• The data

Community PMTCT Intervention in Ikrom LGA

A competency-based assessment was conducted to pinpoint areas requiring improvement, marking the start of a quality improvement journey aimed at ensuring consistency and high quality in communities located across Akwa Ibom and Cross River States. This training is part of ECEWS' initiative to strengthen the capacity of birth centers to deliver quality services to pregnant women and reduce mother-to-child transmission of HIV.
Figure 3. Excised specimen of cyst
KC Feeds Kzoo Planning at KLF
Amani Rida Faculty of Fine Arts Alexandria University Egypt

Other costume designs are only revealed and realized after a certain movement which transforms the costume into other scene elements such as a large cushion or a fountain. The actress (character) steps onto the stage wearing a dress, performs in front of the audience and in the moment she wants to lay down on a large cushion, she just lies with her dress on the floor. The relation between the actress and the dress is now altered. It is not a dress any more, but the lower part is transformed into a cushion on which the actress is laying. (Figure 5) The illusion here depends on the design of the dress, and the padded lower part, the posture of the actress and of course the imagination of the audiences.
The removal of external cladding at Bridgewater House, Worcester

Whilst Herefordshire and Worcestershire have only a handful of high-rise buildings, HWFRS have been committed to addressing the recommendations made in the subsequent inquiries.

---

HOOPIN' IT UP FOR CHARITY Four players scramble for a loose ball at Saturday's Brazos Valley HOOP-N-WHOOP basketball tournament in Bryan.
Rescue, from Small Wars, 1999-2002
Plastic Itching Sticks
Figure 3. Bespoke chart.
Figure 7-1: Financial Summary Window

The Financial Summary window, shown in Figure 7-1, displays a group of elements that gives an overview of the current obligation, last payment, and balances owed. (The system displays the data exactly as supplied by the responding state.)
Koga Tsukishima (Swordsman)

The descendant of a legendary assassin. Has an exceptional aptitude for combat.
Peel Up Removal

• The task
Which lines of the records above contain the word "Summary"? Report each one.

• Worked solution
Figure 7-1: Financial Summary Window
The Financial Summary window, shown in Figure 7-1, displays a group of elements that gives an overview of the current obligation, last payment, and balances owed. (The system displays the data exactly as supplied by the responding state.)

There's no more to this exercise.